Mój potrafi ugotować,ale praktycznie ja to robię,bo on nie ma na nic czasu.Wiadomość wyedytowana przez autora: 23 marca 2021, 15:36
Czereśniowa lubi tę wiadomość
-
Ja sobie dziś chyba strzelę w łeb. Bartek jest okropny zabrał smoczek Kacpra i dwa dni już z nim chodzi. Nie słucha się. Dziś napluł na dywan i do obiadu. Teraz się rozebrał. Mam już dość 🤦🙄😳
-
Za mną też hardkorowy dzień 🥴 z wodą zrobili nam dopiero wieczorem i to i tak z kranu jeszcze nie leci, maz zaraz będzie to ogarniał właśnie. Ja calutki dzień dalej na garnuszkach, wiaderkach itd., calutki dzień z dziewczynkami, bo mąż po pracy zdążył mi wziąć tylko Sarę, żebym zjadła i się wysikała i przyjechał facet od wody, robili do 20. Wpadł tylko na czas kąpieli i usypiania Sary. Dobrze, że chociaż dziewczynki spokojne ❤️ Padliśmy jak nieżywi 21.30. Oby dziś juz wszystko działało, żebyśmy wrócili do normalności i odkopali się z naczyń, baniaków, prania itd...
-
O matko Totoro niezła jazda z tą wodą ... i jeszcze przy dzieciach 🤦♀️ współczuje 🙁 u nas kiedyś 2 dni nie było i pamietam jaki to był koszmar, a byliśmy wtedy sami we dwoje, bo Kaliny jeszcze nie było, a Franek na obóz wyjechał i do tego prawie całe dnie w pracy siedzieliśmy ... więc nawet nie ma co porównywać do waszej sytuacji
A dzisiaj byłyśmy z Kalinką na super zajęciach z logosensoplastyki. Lepili m. on. jakąś masę z mąki, oleju i galaretki po której potem chodzili na bosaka... mała cała brudna, ale zachwycona 🙂Wiadomość wyedytowana przez autora: 24 marca 2021, 13:25
Totoro lubi tę wiadomość
-
Wiem, ze ten temat już się przewijał, ale .... szlag mnie trafia 🤨 planują znowu pełny lockdown, żłobki, przedszkola m.in. do odstrzału, a kościołów bronią jak mogą ... no kurcze porównywanie ich do sklepów wielopowierzchniowych to już żenada. No bez zakupów spożywczych nie da się funkcjonować, a modlić już można się wszędzie.
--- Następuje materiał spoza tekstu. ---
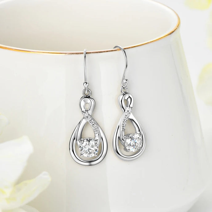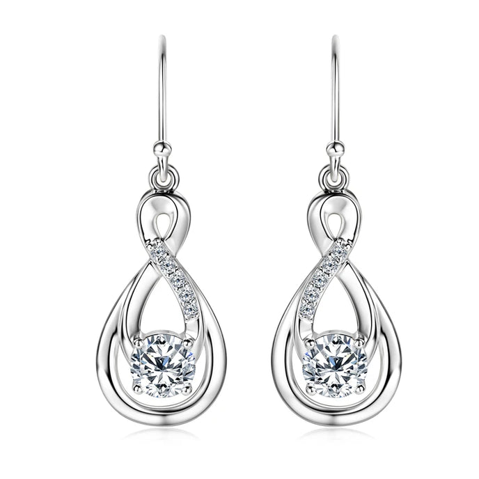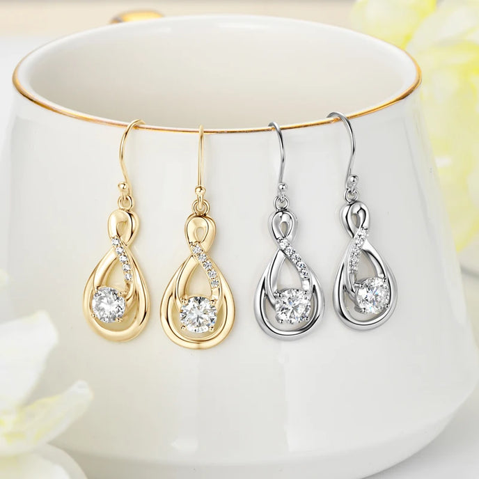 Elegant and minimalist, the Infinity Hook Earrings feature a sleek infinity design that effortlessly complements any look. Each piece is adorned with a dazzling 5.5mm stone for a touch of brilliance. Available in sterling silver with white gold or yellow gold plating, these earrings are a timeless addition to your collection.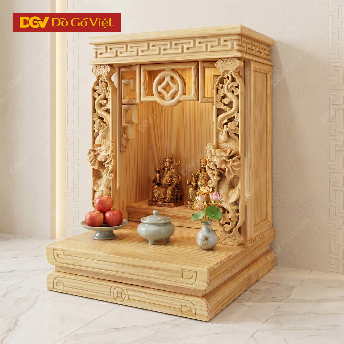 Bàn Thờ Thần Tài Ông Địa Chạm Rồng Gỗ Thông Đẹp Rẻ
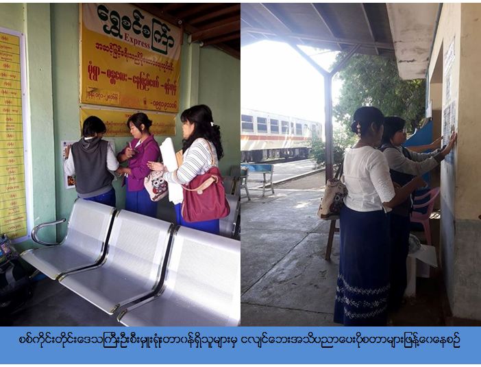 ကယ်ဆယ်ရေးနှင့် ပြန်လည်နေရာချထားရေးဦးစီးဌာန၊ စစ်ကိုင်းတိုင်းဒေသကြီးဦးစီးမှူးရုံးမှတာဝန်ရှိသူများသည် (၄-၁၂-၂၀၁၇)ရက်နေ့တွင် မုံရွာမြို့ရှိ ကားဂိတ်များ၊ အမြန်ရေယာဉ်ဂိတ်များ၊ ရထားဘူတာများသို့ ငလျင်ဘေးအသိပညာပေး ပိုစတာများကို သွားရောက်ဖြန့်ဝေပေးခဲ့ကြောင်း သတင်းရရှိပါသည်။Source: စစ်ကိုင်းတိုင်းဒေသကြီးဦးစီးမှူးရုံး (ကဆရ)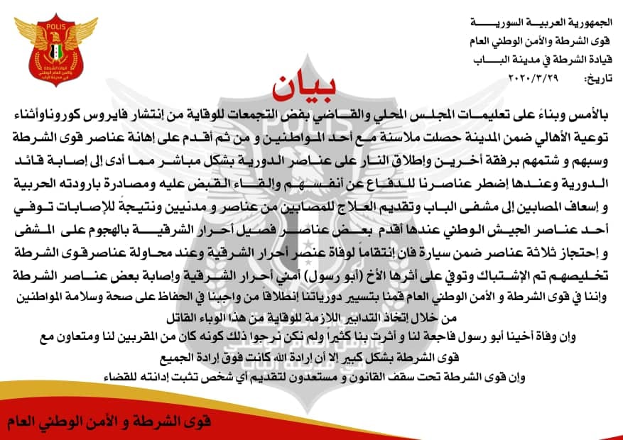 بيان توضيحي حول ما حصل يوم أمس في مدينة الباب من اعتداء على عناصر الشرطة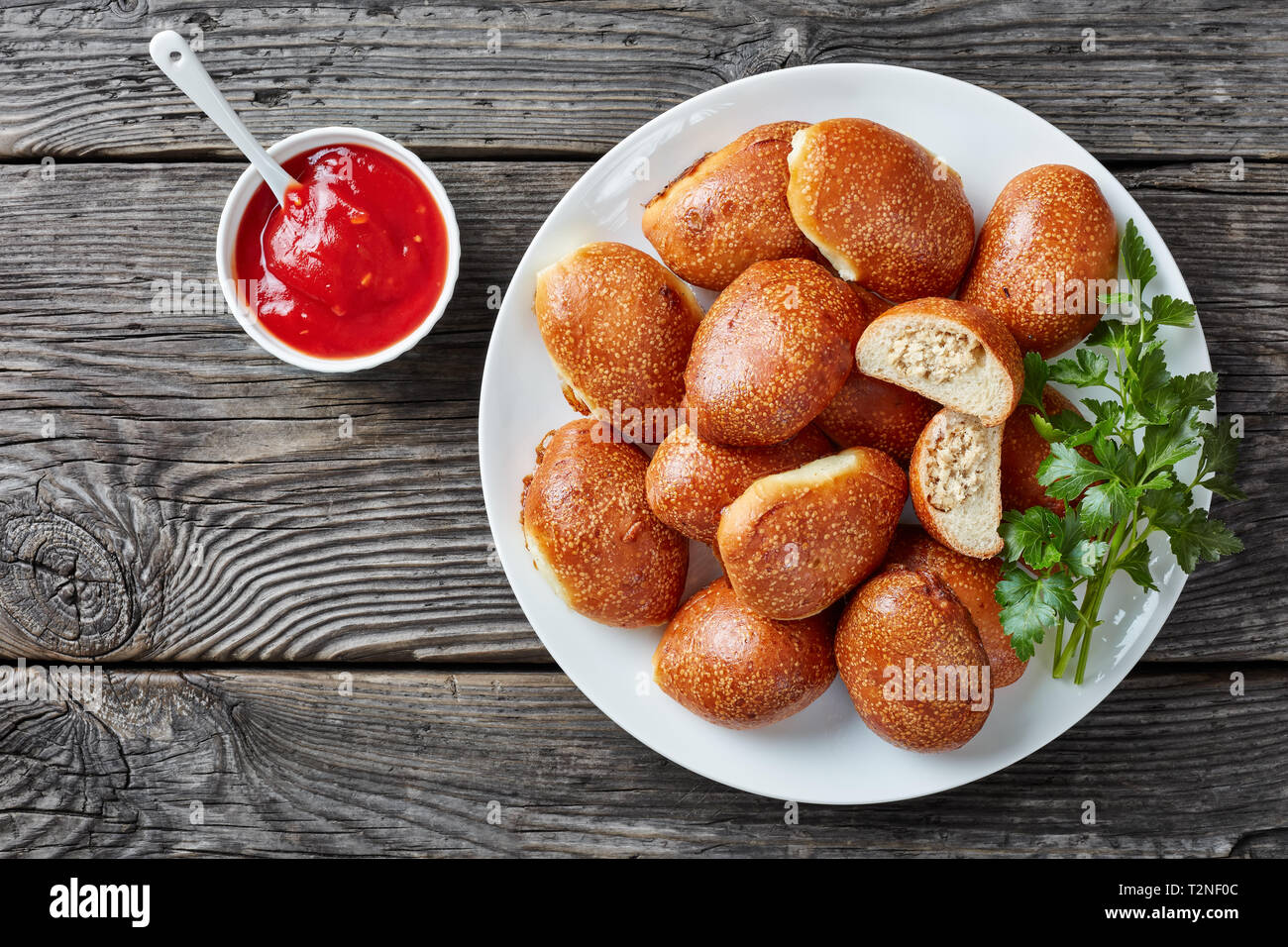 Bread Dough Buns With Ground Chicken Meat Filling Portable Pocket

Nie da się ukryć, ze chodzi tylko i wyłącznie o kasę dla księdza!!!! -
Kala dokładnie ! Ahh to co się dzieje to jest jakas masakra.
A co do wody ja Pamiętam jak się Kacper udrodzil a u nas wyszło że woda skażona i też do mycia do picia itp z butelek braliśmy i że studni głębinowej ale prac już nie zalecali i ja miałam tyle prania masakra.
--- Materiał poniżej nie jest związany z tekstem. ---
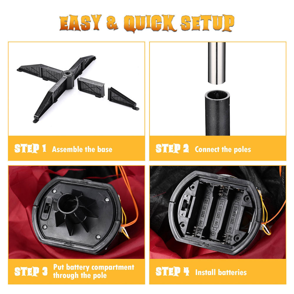 - No tool required for easy installation, assemble base & poles, put the battery box through pole, and extend the ghost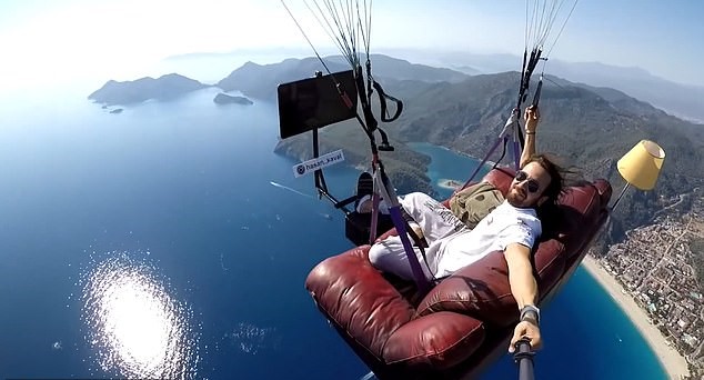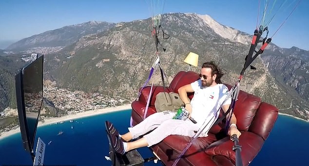 A brave man took to the skies on a sofa while watching TV and eating chips without being strapped in.
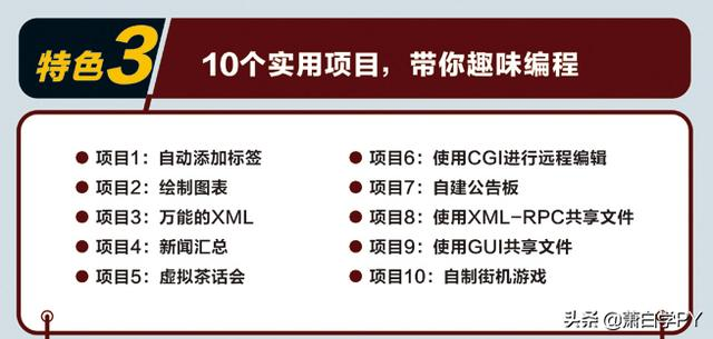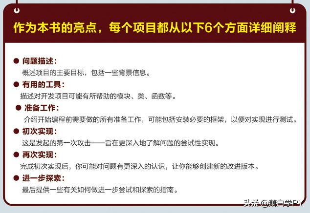 特别是将本书内容知识点用10个非常有实战意义的项目结合了起来,真正手把手的教授读者python编程从理论到实践的过程。(附项目源码)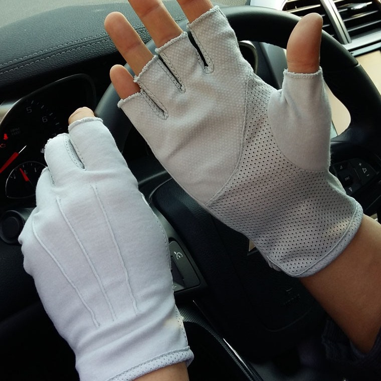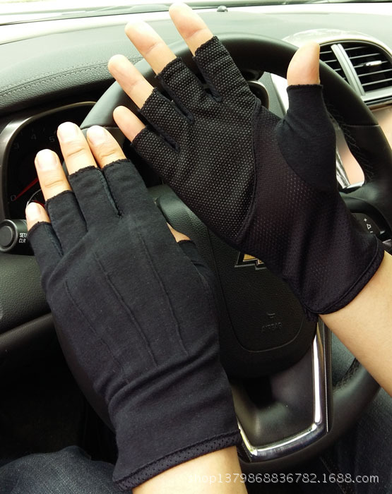 开车防晒手套男薄款半指棉手套半截春夏骑车露指手套透气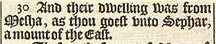 30 Und ihre Behausungen war ab von Mesha, wenn du nach Sephart gehst, einem Berg im Osten.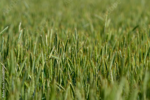 Obraz premium A Vibrant Green Wheat Field, Ready and Waiting for Harvesting, Evokes Natures...
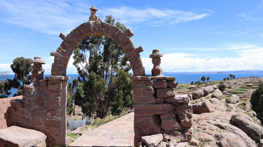 Um dos cartões postais da ilha é o arco de Taquile. O arco funciona como um portal simbólico: ao atravessá-lo, o visitante entra em um espaço onde as regras e tradições ancestrais são respeitadas. Marca a transição entre o mundo moderno e a vida comunitária e espiritual andina. É decorado com símbolos andinos esculpidos na pedra, como o sol, a lua e figuras da natureza, que representam a cosmovisão dos Andes. Para quem visita a ilha, passar por esse arco é mais do que entrar num lugar: é entrar num modo de vida diferente, onde as tradições andinas continuam vivas.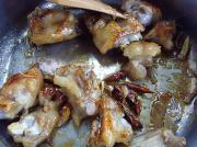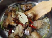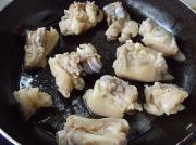 下入煎炸过的猪手块,加入绍酒、盐、红辣椒、八角、香叶、少许酱油煸炒。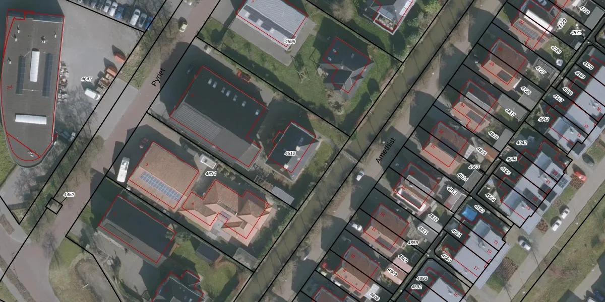 Het perceel waarop Pyriet 6 staat heeft een oppervlakte van 1810 m². Dit is een zeer groot perceel. De perceeloppervlakte wordt geregistreerd door het Kadaster. Gedetailleerde informatie over de maten van dit perceel kunt u vinden in het rapport Kadastrale kaart met maatvoering van Pyriet 6.
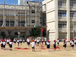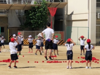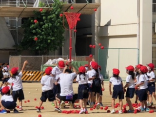 赤白に分かれて、子どもたちは一生懸命に籠めがけて球を投げ入れます!リズムに合わせて、リズムを楽しんで、ゲームを楽しむ姿がすてきでした!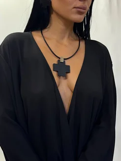 Колье на шею кожаное с кулоном крест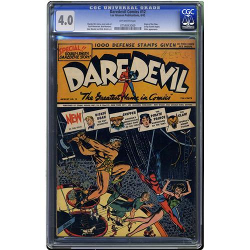 <B>Daredevil Comics #12 (Lev Gleason, 1942) CGC VG 4.0 Off-white pages.</B></I> Origin of the Claw retold. First installment of the Scoop Scuttle backup feature by Basil Wolverton. Hitler appearance. Bob Montana and Dick Briefer art. Charles Biro cover. Overstreet 2006 VG 4.0 value = $286. CGC census 2/06: 1 in 4.0, 5 higher. <I>From the Collection of Harold Curtis.</B></I>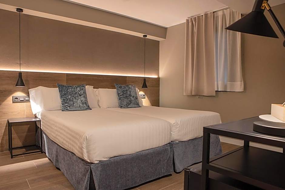 Habitación con vista exterior o vista patio, con dos camas individuales de 35 in x 75 in, perfecta para alojar de 1 a 2 personas, con baño completo. Servicios: Secador de pelo, espejo de aumento, báscula, caja fuerte, teléfono, Smart TV, hervidor de agua, zapatillas, hilo musical, aire acondicionado y calefacción, free wifi, servicio despertador, maletero 24H, tintorería y lavandería de pago, posibilidad de desayuno en la habitación, ameneties de baño, carta de almohadas y baño privado.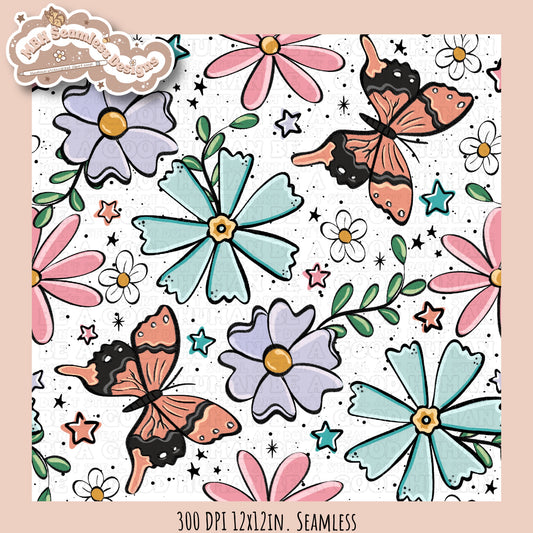 Spring Butterfly Floral Seamless Pattern MULTIPLE COLORWAYS

Totoro dobrze że już ok z wodą.
U nas dziś lepiej. Chociaż wstały znowu o 4:30 🤦. Ale za to ja okna umyłam mam aż 3 i zmieniłam firanki i zasłonki i nawet były grzeczne więc pracowicie u nas od rana. -
Ja miałam jutro kończyć kwaratannę z dziećmi, a tymczasem dzisiaj dostałam pozytywny wynik 😭 dzieci negatywne, więc ja kończę izolację 3ego, a dzieci 10ego. Później pewnie zamkną żłobki i przedszkola, więc już się psychicznie nastawiam, że prędko Młoda do dzieci nie wróci 🙈
-
WI współczuje 🙁 a miałaś objawy, ze się badaliście?
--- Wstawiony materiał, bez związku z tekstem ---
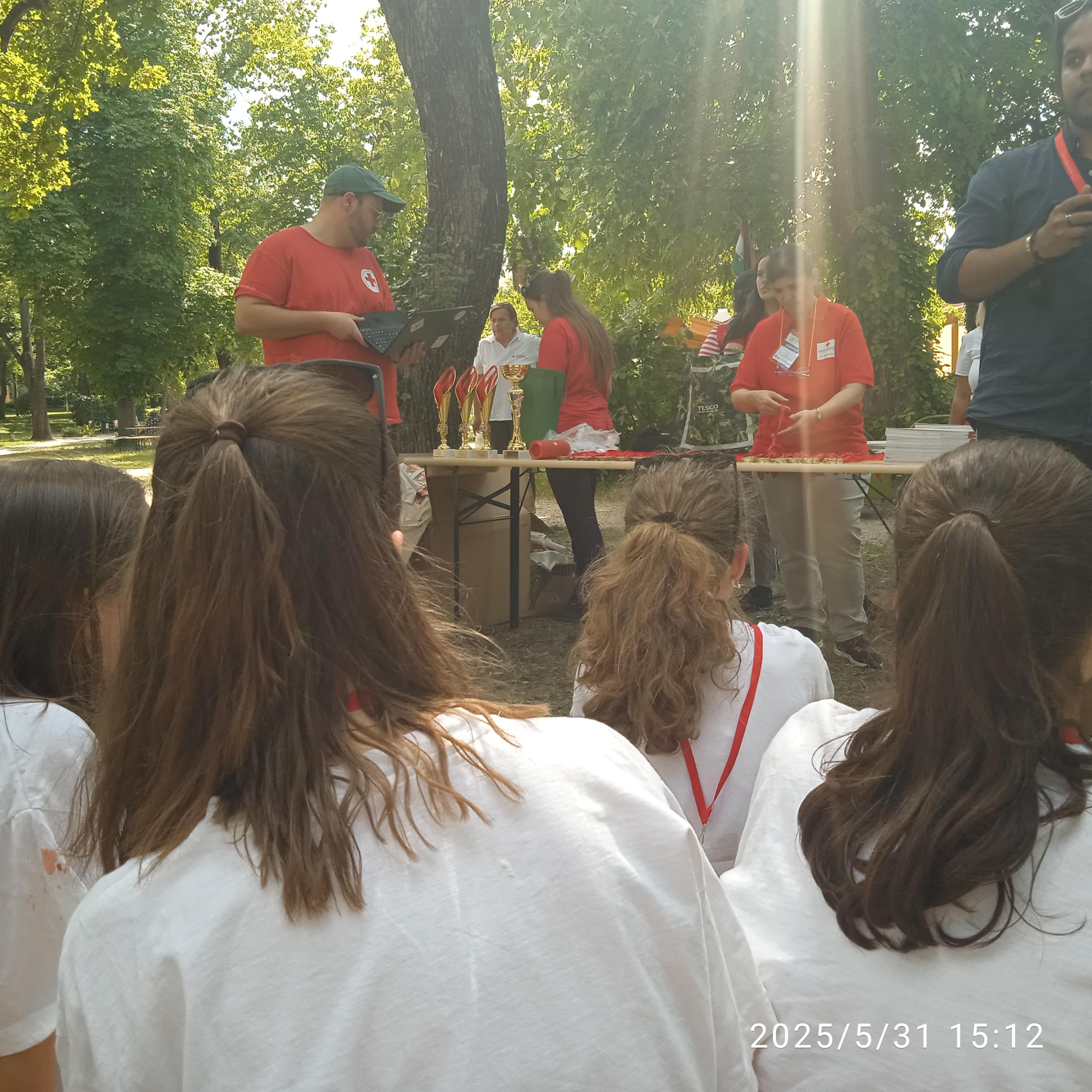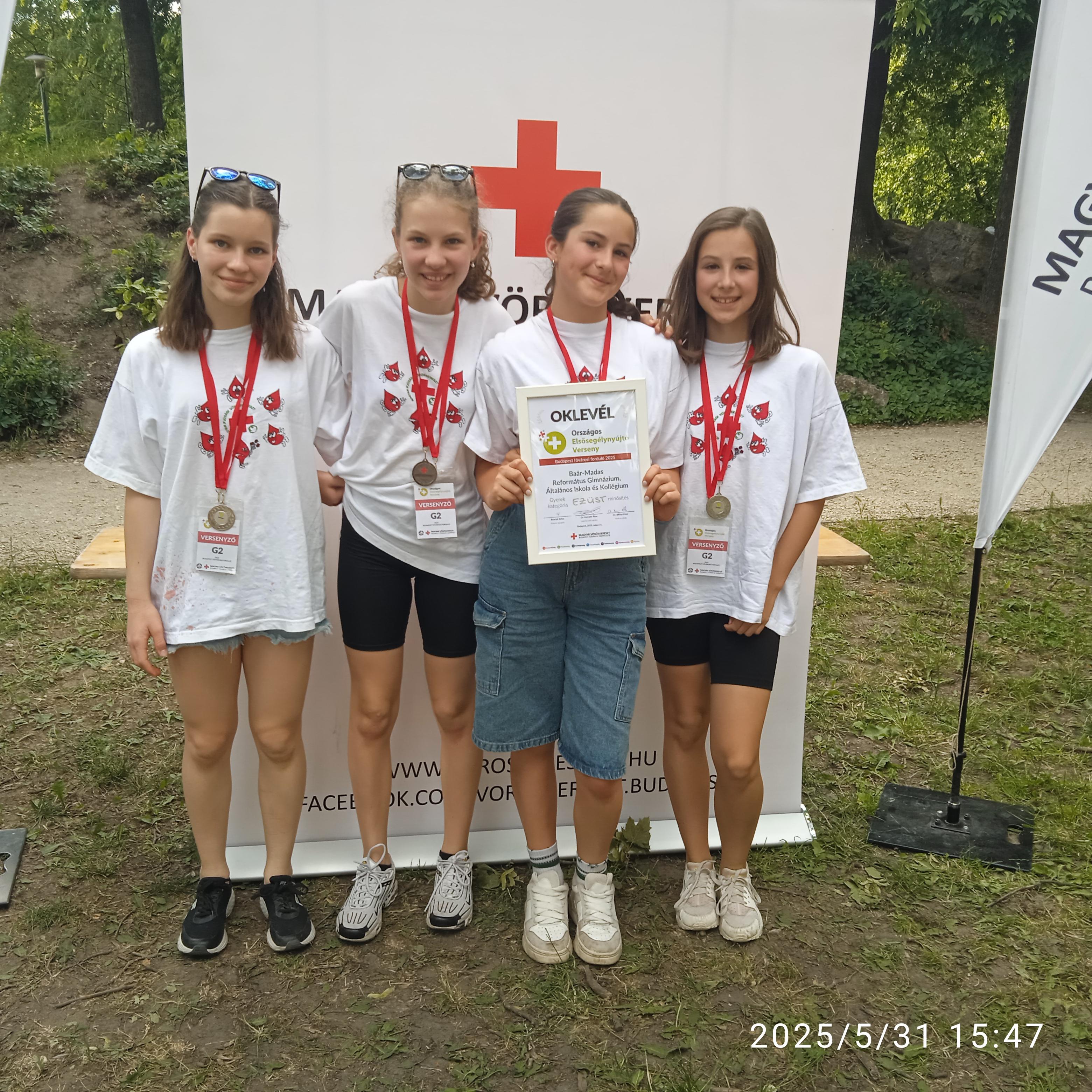 A területi fordulók lezárultak, az összesített eredmények alapján az általános iskolai csapta 88%-os teljesítménye továbbjutást eredményezett a budapesti döntőbe. Az Andriska Sára, Ablonczy Kincső, Kára Eszter, Illés Manga és Vaszilkó VIvien alkotta csapat a múlt szombati, az Orczy-kertben megrendezésre került Budapest fővárosi fordulót is kiemelkedő eredménnyel zárták, a harmadik helyen végeztek, hatalmas gratuláció illeti őket! Köszönet a lelkesedésükért, illetve a felkészítésükben szerepet vállalók: Kovács Dávid - Magyar Vöröskereszt, Bereczki Máté Dániel - 12.b munkájáért!

My od razu się rozdzielamy w przypadku jakby któremuś z nas wyszedł pozytyw, właśnie ze względu na tą niekończącą się kwarantannę. Ale chyba i tak skrócili, bo wcześniej było 10 dni od ostatniego dnia kontaktu, a teraz piszesz, ze dzieciaki mają 7 -
W niedzielę wieczorem zaczęło mnie łamać w kościach, tak lekko i doszedł kaszel, ale też nie jakiś bardzo uciążliwy. No, ale przez to, że to w okresie kwarantanny, dodatkowo na sobotę byłam umówiona do fryzjera, a po południu do znajomych, to zgłosiłam się od razu do lekarza (chociaż to też kpina jak to działa, a raczej nie działa... Skierowanie wystawiła mi pediatra dzieci, bo mój lekarz już nie miał miejsc jak się w końcu dodzwoniłam po 3h. Jedyne co mi pani poradziła to "proszę próbować jutro". Nożeszkurwamać. Tyle się gada o odpowiedzialności, żeby się zgłaszać na testy przy objawach itd., a tu się okazuje, że wystawienie skierowania to wyższy poziom magii...). Dzieci nie miały żadnych objawów, ale chciałam mieć jasny obraz sytuacji i powiedziałam, że mają katar 😉 dzieciom wymazy robią tylko z gardła, więc luz. Teraz tylko będę się modlić, żeby żadne się nie zaraziło pod koniec kwarantanny, bo chyba se w łeb palne jak nam dojdzie kolejne 17 dni.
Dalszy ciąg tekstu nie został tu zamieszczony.